Stations and zips: who PFD answers to
128,420 dispatches, 69 active stations, 13 battalions. The geography of who answers what, and where the calls actually land.
Start with the bones. Philadelphia is divided into 13 fire-department battalions — the operational geography that decides which house rolls first on any given alarm. Each battalion is a chief, a portfolio of stations, and a chunk of the city's incident load.
On the map, the ink polygons trace those boundaries. They don't follow zip codes and they don't follow neighborhoods. They follow staffing.
Inside the battalions: 69 active stations, each housing a mix of apparatus — engines, ladders, the chief's rig, frequently a medic unit, a long tail of specialty rigs (PIPE, foam, hazmat, marine). Hover any cobalt dot for what's parked there.
Stations are roughly evenly distributed by area. The next two beats show why that "roughly" hides everything that matters.
Now the call load. Brick bins land on the zip-code centroids; radius scales with how many PFD dispatches that zip generated since 2024. Center City and Northeast disappear into the noise. The river-ward zips and a band across North Philly swell.
128,420 dispatches across 48 zips. The volume isn't spread evenly across geography — it's spread evenly across area, which is a very different thing.
Filter to the 10 busiest zips. Out-of-top-10 fades back; the bars below slide into a tight ranking. 52,072 incidents — the lion's share of all PFD work — fall in just these ten.

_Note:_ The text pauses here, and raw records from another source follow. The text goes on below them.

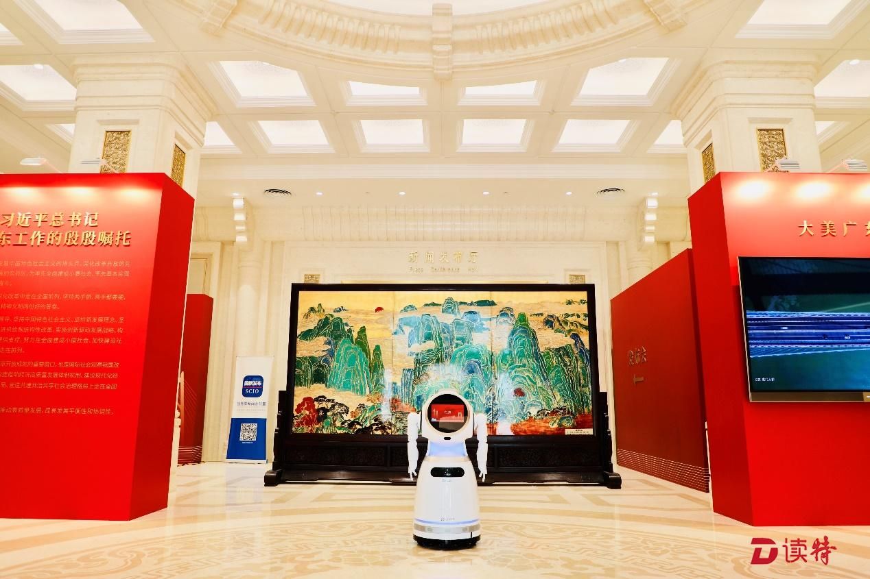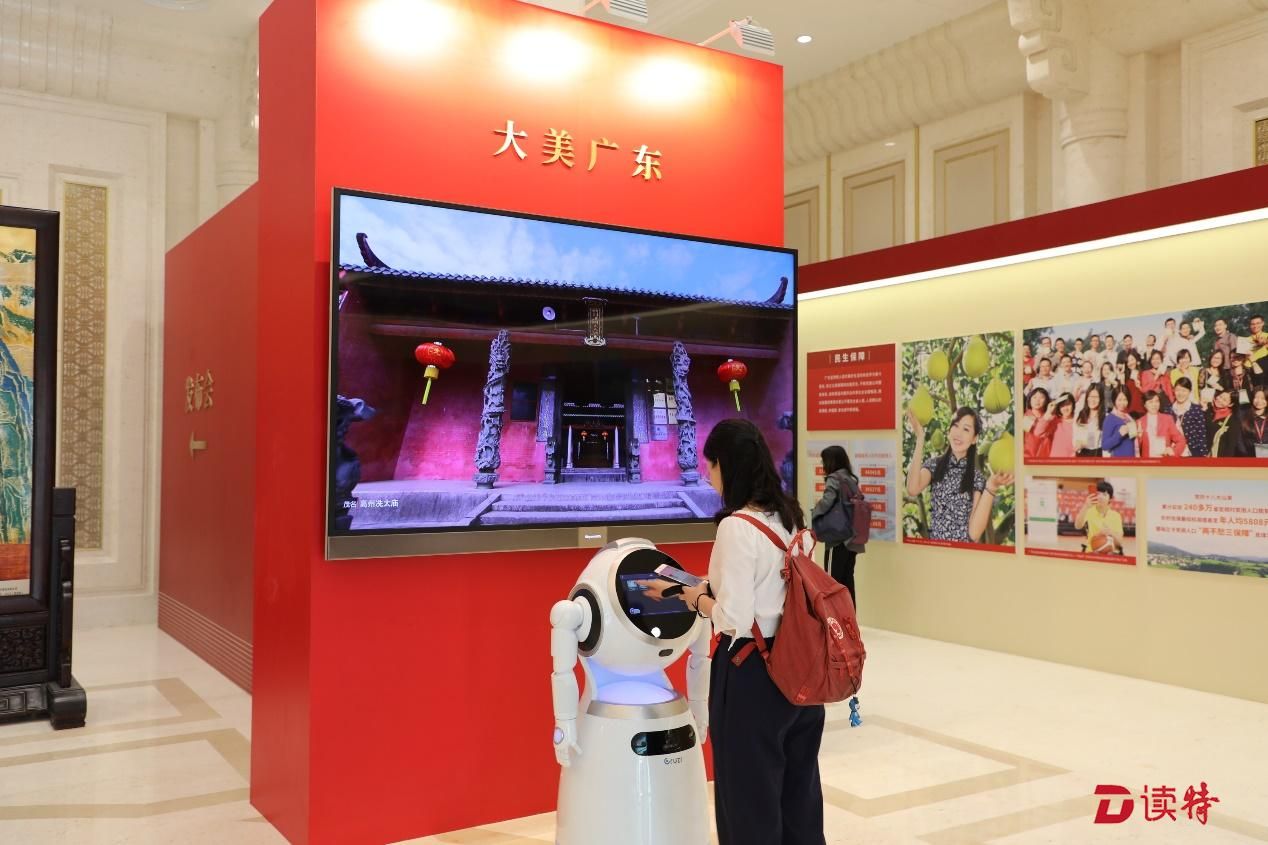 新中国成立70周年广东省成果展入口处克鲁泽提供智能迎宾服务。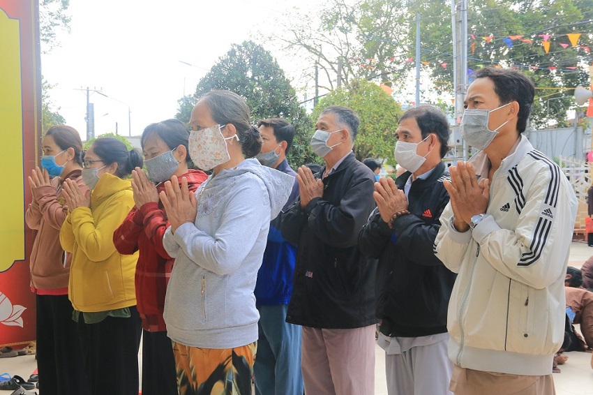 Bà con tín đồ luôn đeo khẩu trang trong suốt quá trình tham gia lễ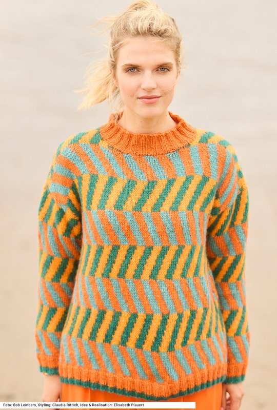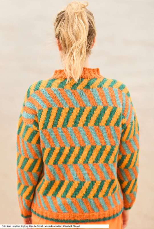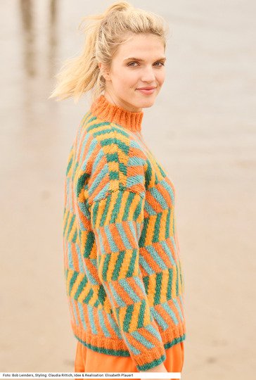 Der bequem geschnittene, kuschelig warme Pullover mit Stehkragen begeistert mit seinen vier harmonisch aufeinander abgestimmten Farbtönen. Das prachtvolle Jacquardmuster mit diagonaler Optik bringt Schwung in die Garderobe und macht das Modell zu einem Hingucker. Zweifarbige Bündchen und die einfarbige Ausschnittblende sind im Rippenmuster gearbeitet. Die Ärmel enden ganz gerade, was das Einnähen erleichter und überfallende Schultern ergibt. Das voluminöse Garn mit leichtem Flausch besteht aus Baby-Alpaka, Baumwolle und Schurwolle und ist in vielen Farben erhältlich. Eine Anleitung steht für die Größen 38/40, 42/44 und 46/48 bereit.
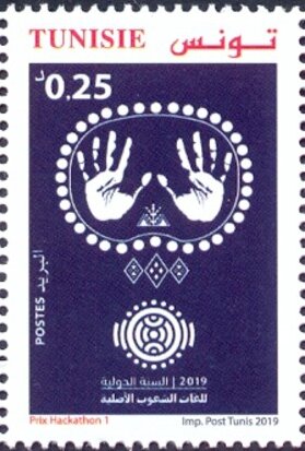 Émis dans le cadre de l'Année internationale des langues autochtones (2019) décrétée par l'UNESCO, ce timbre arbore une esthétique symbolique forte. Le visuel intègre des motifs géométriques et des empreintes de mains évoquant les racines berbères (amazighes) de la Tunisie et le patrimoine rupestre. Ce choix souligne l'importance de la diversité linguistique et culturelle dans l'identité tunisienne. C'est un hommage à la transmission orale et aux savoirs ancestraux qui constituent le socle de la mémoire collective des peuples autochtones à travers les millénaires.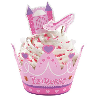 Cupcake wrappers and picks set PINK PRINCESS CASTLE AND SLIPPERS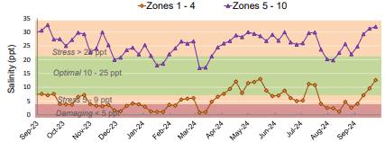 SFWMD Weekly Environmental Conditions Reports Lake Okeechobee: SFWMD reported on September 25th, 2024, “Lake Okeechobee stage was 13.82 feet NAVD88 (15.13 ft NGVD29) on September 22, 2024, which was 0.20 feet higher than the previous week and 1.00 feet higher than a month ago. Average daily inflows (excluding rainfall) increased slightly from 7,080 cfs the previous week to 7,230 cfs. Average daily outflows (excluding evapotranspiration) were zero. In the most recent non-obscured satellite image from September 22, 2024, NOAA’s Harmful Algal Bloom Monitoring System suggests patches of moderate cyanobacteria abundance along much of the western region of the Lake.” St. Lucie Estuary: SFWMD reported that “total inflow to the St. Lucie Estuary averaged 3,794 cfs over the past week with no flow coming from Lake Okeechobee. Mean salinities increased on the surface but decreased on the bottom at the A1A and US1 bridges and remained the same at HR1 over the past week. Salinity in the middle estuary was in the lower stressed range (5-10) for adult eastern oysters.” |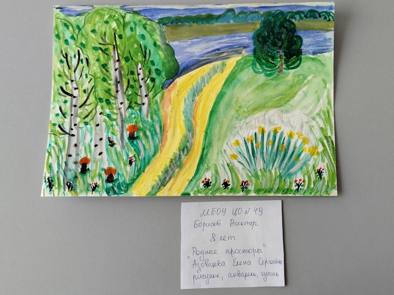 | 62 | Борисов Виктор | В обработке | "Родные просторы" | Рисунок | Азовцева Елена Сергеевна | Принята | Фото работы |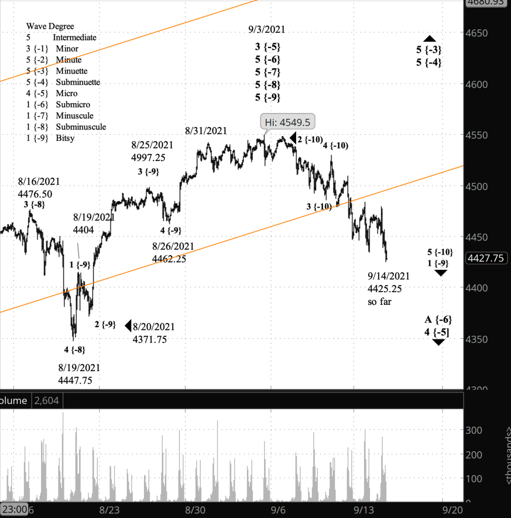 A price rise above the September 3 peak, 4549.50 on the futures and 4545.85 on the index, would mean that the alternate count is correct: wave 3 of Micro degree is not yet complete. Such an event would invalidate my present principal analysis and would promote the alternate count to principal count.

The fire-only ranking from Where Philly burns had 19134 on top with 3,129 structural fires. Look at the top-10 here and you see the same zip name in the same place — Kensington isn't just leading on fires, it's leading on every kind of dispatch.
Now flip the view: instead of zips, weight each station by the load of the zips nearest it. The cobalt dots resize. Stations buried in a single dense zip swell; stations in low-density Northeast Philly shrink. The top-10 busiest stations absorb roughly 48% of all PFD dispatches.
The "busiest station" approximation is centroid-to-nearest, not first-due assignment — see the data caveat above. But the shape holds even at the rough end of the proxy.
Profiles · the four busiest neighborhoods
Counters tween from zero on first paint so the cards feel built-up, not stamped. The numbers themselves are frozen at deploy.
North Philly
19121
- PFD dispatches
- 27,082
- Share of all
- 21%
West Philly
19104
- PFD dispatches
- 22,250
- Share of all
- 17%
Northeast Philly
19124
- PFD dispatches
- 20,697
- Share of all
- 16%
Center City
19107
- PFD dispatches
- 17,014
- Share of all
- 13%
Data Sources
Primary datasets: Philadelphia Fire Department stat360_fire_incidents, Fire_Dept_Facilities, and FIRE_BattalionBoundaries — all ArcGIS Feature Services. Frozen at deploy (2026-05-13); the live Philly Fire dataset shell stays current.
Queries: incidentsGroupByUrl('postal_code', …) for the all-dispatch and fire-only zip
rolls, facilitiesUrl() for the station markers, and battalionsUrl() for the seven battalion polygons. Defined in src/lib/data/datasets/philly-fire.ts. Neighborhood rollups via src/lib/data/static/philly/zip-to-neighborhood.json.
Methodology & caveats: Station-load is approximated via centroid-to- nearest spatial join because PFD's published incident layer omits per-incident station and apparatus columns — see data we'd like to find for the gap and where to look. "Busiest neighborhood" cards use the same zip→neighborhood lookup as the maps; ties broken by total dispatches.